* [THE TASK]: Your answer must be the exact lines below, starting with the line with "(2)連續(xù)圖像相減法" and going on through the line with "アイフォン望遠レンズ スマホ用望遠レンズ 携帯マクロレンズ(TM6)", both included, with no pictures.

* [INPUT FOR THIS TASK]:
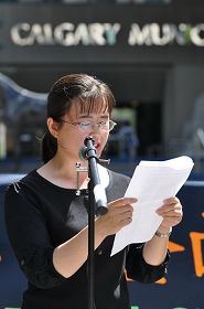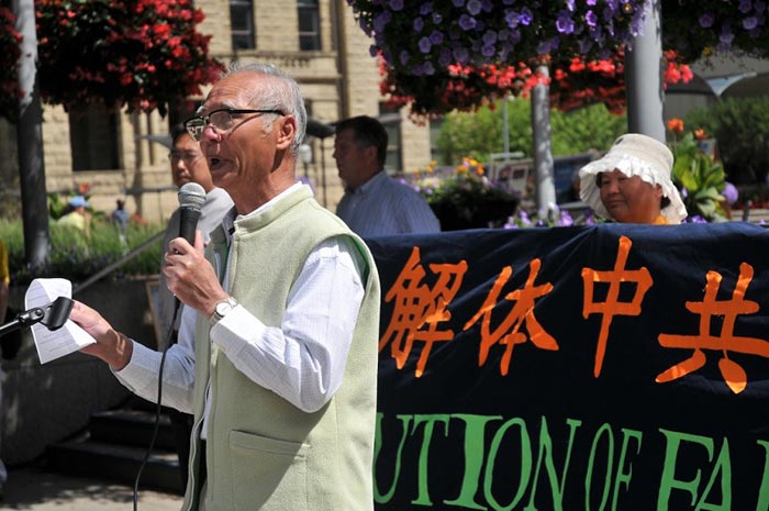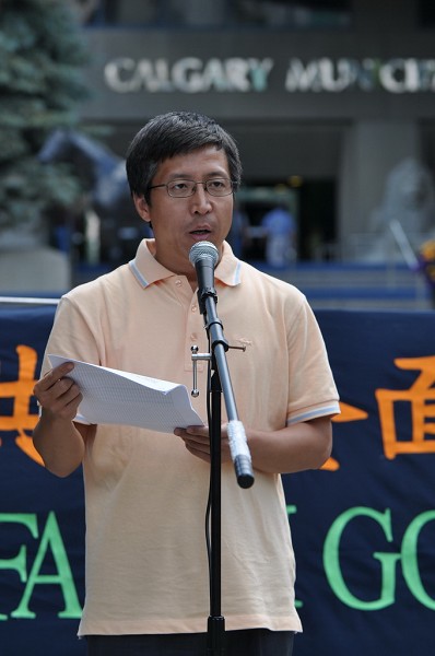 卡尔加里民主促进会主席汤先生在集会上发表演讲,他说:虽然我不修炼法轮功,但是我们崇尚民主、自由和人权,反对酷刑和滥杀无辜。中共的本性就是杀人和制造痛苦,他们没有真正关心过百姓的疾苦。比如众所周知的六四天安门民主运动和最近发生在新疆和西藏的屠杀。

--

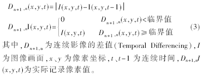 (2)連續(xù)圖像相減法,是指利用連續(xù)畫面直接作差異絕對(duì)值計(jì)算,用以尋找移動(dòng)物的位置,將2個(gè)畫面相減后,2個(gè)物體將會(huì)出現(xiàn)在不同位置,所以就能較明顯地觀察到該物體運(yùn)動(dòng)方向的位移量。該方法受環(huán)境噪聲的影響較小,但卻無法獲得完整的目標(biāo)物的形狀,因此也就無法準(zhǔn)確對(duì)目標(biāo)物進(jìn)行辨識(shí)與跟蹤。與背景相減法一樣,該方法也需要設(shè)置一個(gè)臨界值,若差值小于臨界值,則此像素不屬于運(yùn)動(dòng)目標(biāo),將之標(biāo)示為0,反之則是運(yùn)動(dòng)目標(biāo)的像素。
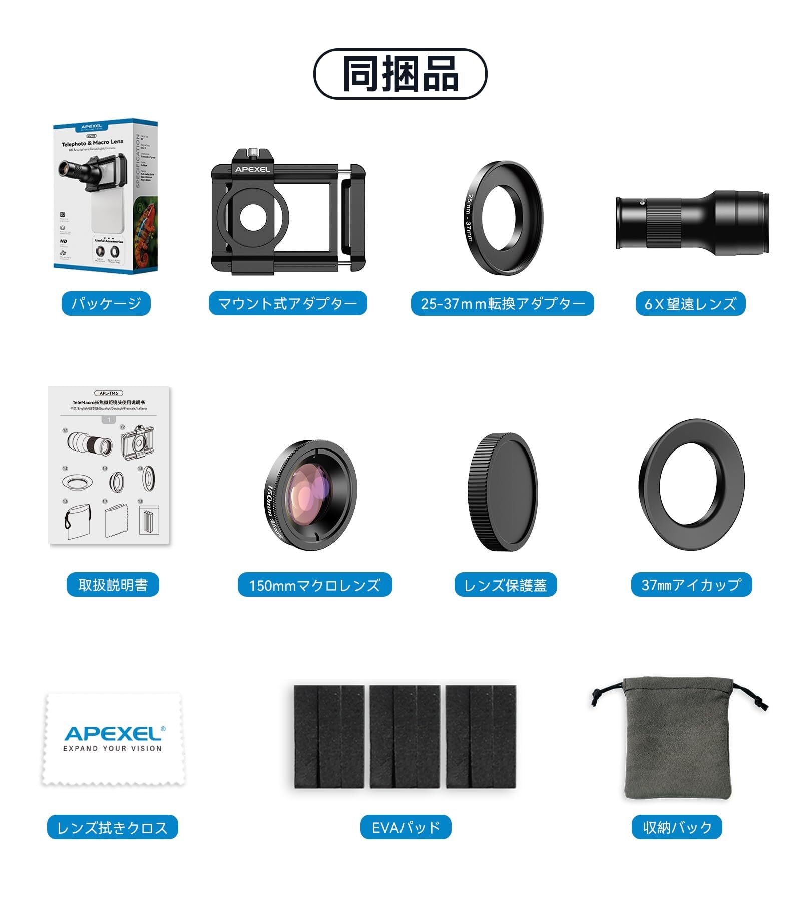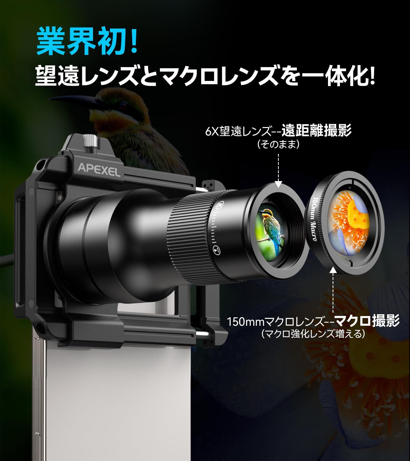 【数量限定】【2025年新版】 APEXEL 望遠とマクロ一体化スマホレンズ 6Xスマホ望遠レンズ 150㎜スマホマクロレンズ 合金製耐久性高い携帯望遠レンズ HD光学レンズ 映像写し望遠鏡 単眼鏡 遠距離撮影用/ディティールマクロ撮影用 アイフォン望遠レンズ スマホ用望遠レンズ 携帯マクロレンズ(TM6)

==

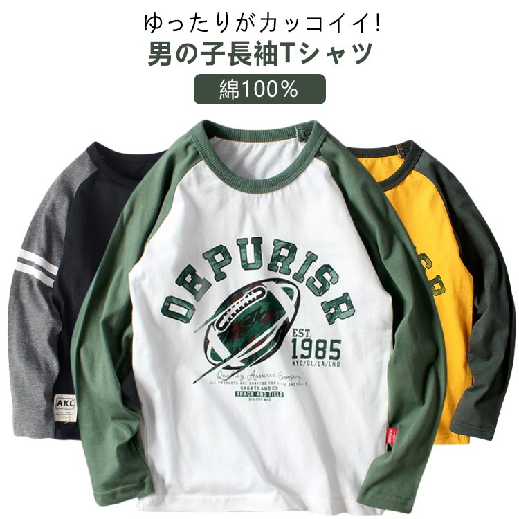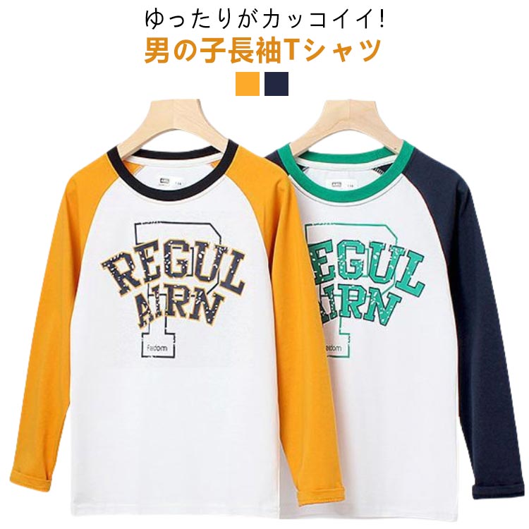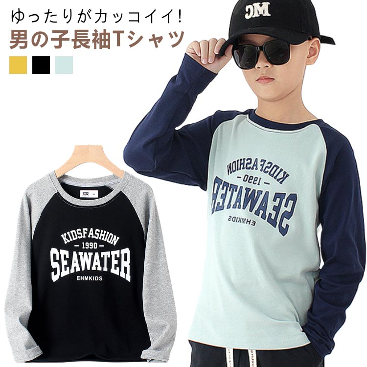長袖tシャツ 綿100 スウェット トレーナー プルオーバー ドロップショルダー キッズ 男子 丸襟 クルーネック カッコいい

* [COMPLETED EXERCISE]:
 (2)連續(xù)圖像相減法,是指利用連續(xù)畫面直接作差異絕對(duì)值計(jì)算,用以尋找移動(dòng)物的位置,將2個(gè)畫面相減后,2個(gè)物體將會(huì)出現(xiàn)在不同位置,所以就能較明顯地觀察到該物體運(yùn)動(dòng)方向的位移量。該方法受環(huán)境噪聲的影響較小,但卻無法獲得完整的目標(biāo)物的形狀,因此也就無法準(zhǔn)確對(duì)目標(biāo)物進(jìn)行辨識(shí)與跟蹤。與背景相減法一樣,該方法也需要設(shè)置一個(gè)臨界值,若差值小于臨界值,則此像素不屬于運(yùn)動(dòng)目標(biāo),將之標(biāo)示為0,反之則是運(yùn)動(dòng)目標(biāo)的像素。
 【数量限定】【2025年新版】 APEXEL 望遠とマクロ一体化スマホレンズ 6Xスマホ望遠レンズ 150㎜スマホマクロレンズ 合金製耐久性高い携帯望遠レンズ HD光学レンズ 映像写し望遠鏡 単眼鏡 遠距離撮影用/ディティールマクロ撮影用 アイフォン望遠レンズ スマホ用望遠レンズ 携帯マクロレンズ(TM6)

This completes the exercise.